언어가 보강된 신념 상태를 구성하는 두 단계 루프를 갖는 Recursive Multimodal Agent(ReMA)를 도입한다: 인식에서 기억으로, 기억 기반 제어 행동(Answer, MMInspect, MemSearch)으로의 재귀적 추론.
맥락 병목 현상을 보여주며 Lifelong 태스크에서 ReMA의 더 높은 정확도와 근거 제시를 입증하기 위해 엔드-투-엔드 MLLMs와 에이전트 베이스라인을 벤치마크 한다.

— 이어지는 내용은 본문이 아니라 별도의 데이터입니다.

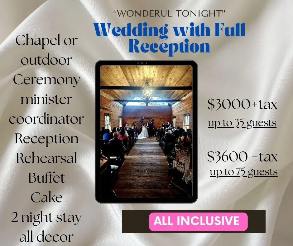 Wedding 5 to 20 guests $250 includes 1 hour bridal barn
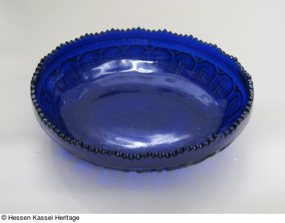 Blaues Glas, luftgepreßt, aus vierteiliger Form, Nähte teilweise beseitigt. |
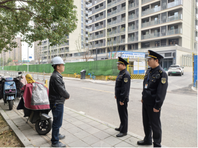 圖為執(zhí)法人員與工地項(xiàng)目經(jīng)理溝通工地外圍非機(jī)動車停放問題
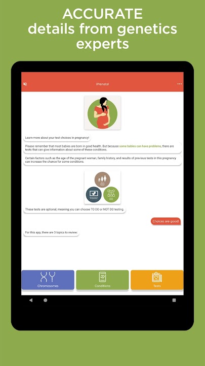 iPrenatal explains chromosomes, conditions that prenatal screening can identify, and testing options available including NIPT (noninvasive prenatal testing) and was developed by a team of doctors and genetic specialists from Roche.
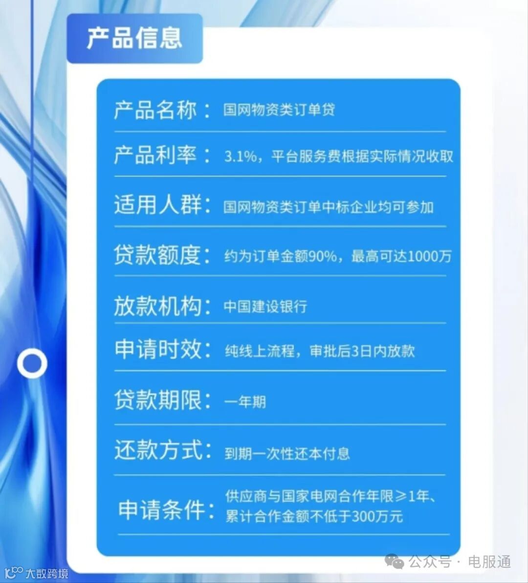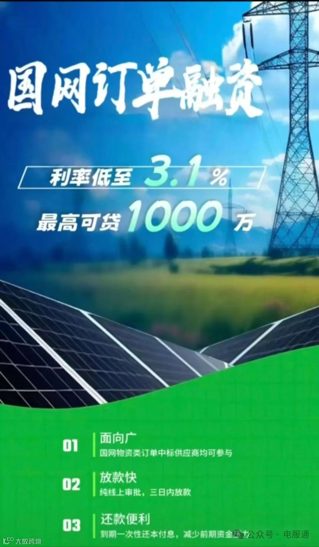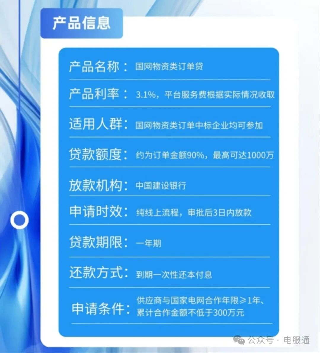 3、额度高:约为订单金额90%,最高可达1000万。**公司作为国网的长期合作伙伴,完全符合该产品的申请条件:
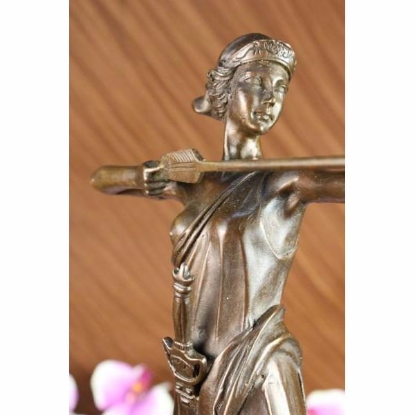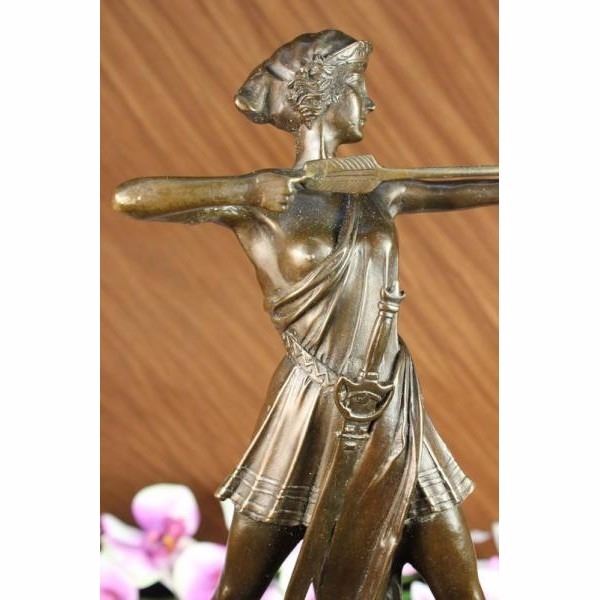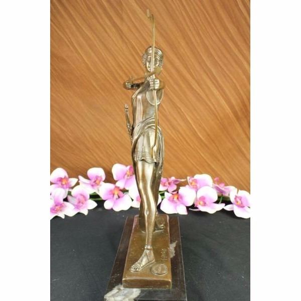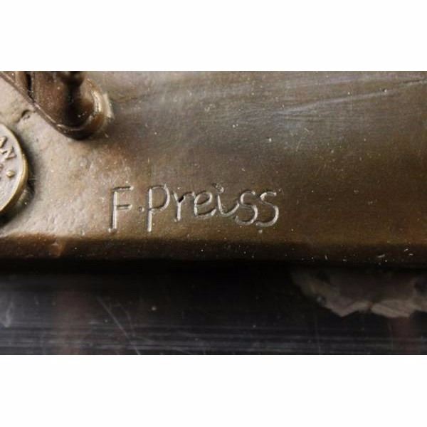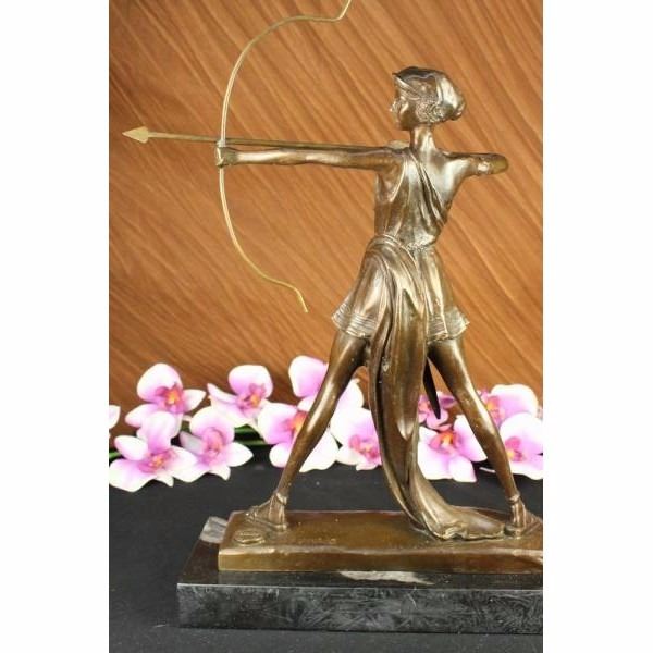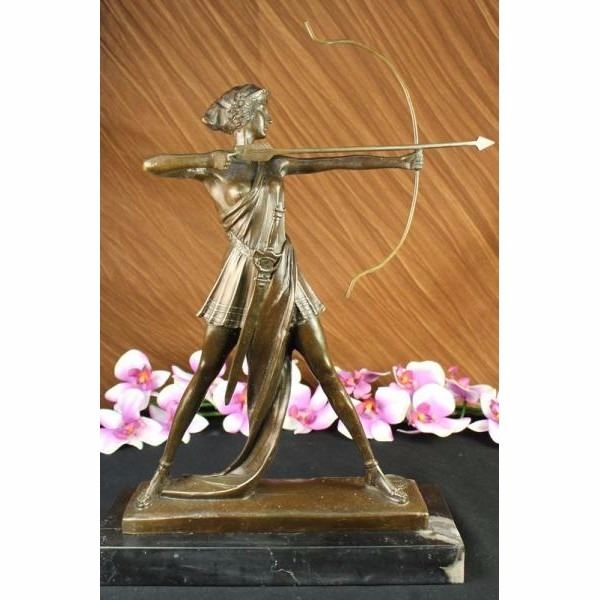 "Diana the Hunter", also known as "Diana Nemorensis" and "Artemis". She was worshiped by many as the goddess of hunt, animals, woodland and the moon. In Capua and in Aricia, localities near Rome, there are still shrines dedicated to her. Her shrine in Aricia was on the shores of them lake Nemi. For that reason, she was named Diana Nemorensis-Diana of the Woods. This sculpture depicts the beloved goddess with her iconic crossbow, as she draws back on the string. She holds her perfect hunter's form. Her legs are firmly locked and her body forms a line as she locks her eyes on her target. Throughout time Diana has become a popular feminist figure because of her beauty, strength, and chastity. 100% handmade bronze, this brown patina sculpture was cast using the "Lost Wax Method" and mounted on a black marble base and is signed by the artist F.Preiss. Ferdinand Preiss was born on the 13th February 1882 in Erbach in the Odenwald. Ferdinand lived with the family of the then famous carver Philipp Willmann, where he was trained to be a carver. In 1901 he left Willmann's workshop and travelled to Mailand, Rome and Paris. He earned his living as a modeler. Ferdinand Preiss died that year at the age of 61 from a brain tumor. Ferdinand Preiss is regarded as one of the leading carvers of the Art Dco scene in the 1920s and 1930s. His bronze carvings are among the most costly in the world. Condition: This sculpture is in perfect condition. Bronze Dimensions with Marble Base:Height 15" x Width 10" Marble Dimensions: 10" X 4". Height without base: 14" Weight : 12 LBS Inventory:28X20923682

Figure 1 : Physical Temporal Span vs. Scale. The x-axis represents the Physical Temporal Span ( $T_{span}$ ), while bubble size indicates Observational Duration ( $T_{dur}$ ). Unlike existing datasets clustered in the bottom-left (short clips, $T_{span}\approx T_{dur}$ ), MM-Lifelong occupies the un

실험 결과

연구 질문

RQ1현 시점의 다중 모달 학습자들이 희소한 시간 구간과 도메인 변화가 있는 Lifelong Horizon 제약 하에서 어떻게 수행하는가?
RQ2재귀적이고 메모리 보강된 에이전트(ReMA)가 Lifelong, 멀티모달 스트림에서 엔드 투 엔드 MLLMs보다 성능이 우수한가?
RQ3수일에서 주까지 성능을 유지하기 위한 효과적인 메모리 업데이트 세분성과 추론 깊이는 무엇인가?
RQ4단서 기반 주석이 다중 시간 해상도에서 견고한 평가 및 근거 제시에 기여하는가?
RQ5다른 백본 모델(컨트롤러 및 MLLM 도구)이 Lifelong 추론과 근거 제시에 미치는 영향은 어느 정도인가?

주요 결과

엔드투엔드 MLLMs는 컨텍스트가 커질수록 Working Memory Bottleneck을 보이며 성능이 포화되거나 저하된다.
전역 비디오 위치에 의존하는 에이전트 베이스라인은 월간 규모의 희소성에서 붕괴하는 반면, ReMA는 재귀와 동적 메모리로 확장한다.
ReMA는 Month에서 Val@Month 18.62%, Week/Day 세트에서 가장 높은 정확도 및 강력한 근거 제시를 달성한다(Ref@300 16.37%).
더 촘촘한 인지 해상도(예: 2분 Δt)가 정확도와 근거 제시에 도움이 되며, 전체 비디오 해상도는 노이즈와 추론 비용으로 성능이 저하된다.
인식과 제어에 대해 멀티모달 백본(MLLMs)을 사용하는 것이 텍스트 전용 컨트롤러보다 더 좋은 결과를 낳아 lifecycle 추론에서 다중 모달 정렬의 중요성을 보여준다.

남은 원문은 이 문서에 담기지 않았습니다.